WHAT YOU HAVE TO DO: Exact copies of the lines below, from the one with "Хор 8а класса" up to and including the one with "Pengantar: Ma Yun, Lahir", are what this calls for; leave out pictures.

SOURCE RECORDS START

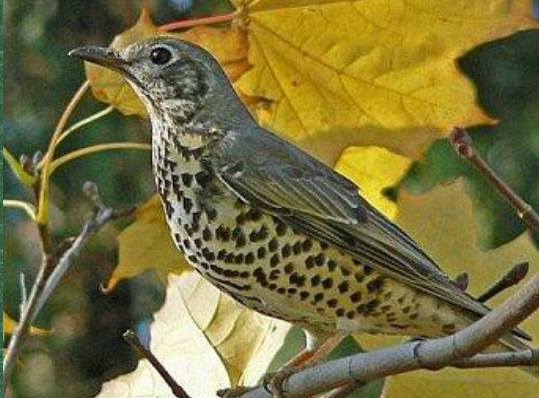
Пестрый каменный дрозд
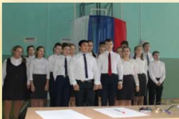
Хор 8а класса «Алые паруса»
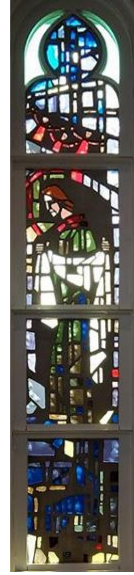
【良きサマリア人のたとえ話】 右側 (左側は桜町教会)
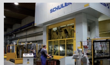
4.000 kN Stanz- automat
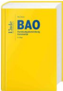
BAO | Bundesabgabenordnung Ladenpreis: 336,00EUR
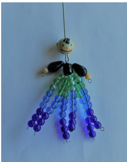
LOUTKA Z RUKODĚLNÉ AKTIVITY
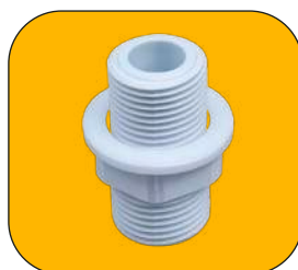
Cople de 1/2"
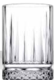
ELYSIA 6 SHOT
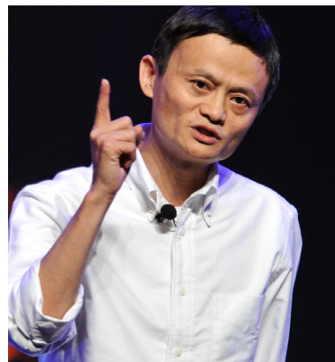
Pengantar: Ma Yun, Lahir di Hangzhou, Provinsi Zhejiang pada 10 September 1964, pendiri Grup Alibaba.

Catatan Redaksi: 40 tahun reformasi dan keterbukaan Tiongkok adalah zaman yang membutuhkan pejuang dan juga zaman yang menunaikan pejuang. Sejak kali ini, edisi ini akan menceritakan beberapa kisah pejuang. Mereka adalah "wirausaha" paling awal dalam reformasi dan keterbukaan Tiongkok, dan mereka adalah "perintis" di jalan reformasi. Di zaman reformasi dan keterbukaan, mereka berusaha dan berjuang dengan tanggung jawab dan impian.
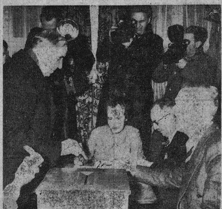
Los alemanes residentes en el sector occidental de Berlín acudieron el domingo a las urnas en un elevado porcentaje para emitir su voto. He aquí al profesor Ernst Reuter, jefe del Gobierno socialista de la ciudad, depositando su papeleta electoral en uno de los colegios.

SOURCE RECORDS END

RESULT:
Хор 8а класса «Алые паруса»
【良きサマリア人のたとえ話】 右側 (左側は桜町教会)
4.000 kN Stanz- automat
BAO | Bundesabgabenordnung Ladenpreis: 336,00EUR
LOUTKA Z RUKODĚLNÉ AKTIVITY
Cople de 1/2"
ELYSIA 6 SHOT
Pengantar: Ma Yun, Lahir di Hangzhou, Provinsi Zhejiang pada 10 September 1964, pendiri Grup Alibaba.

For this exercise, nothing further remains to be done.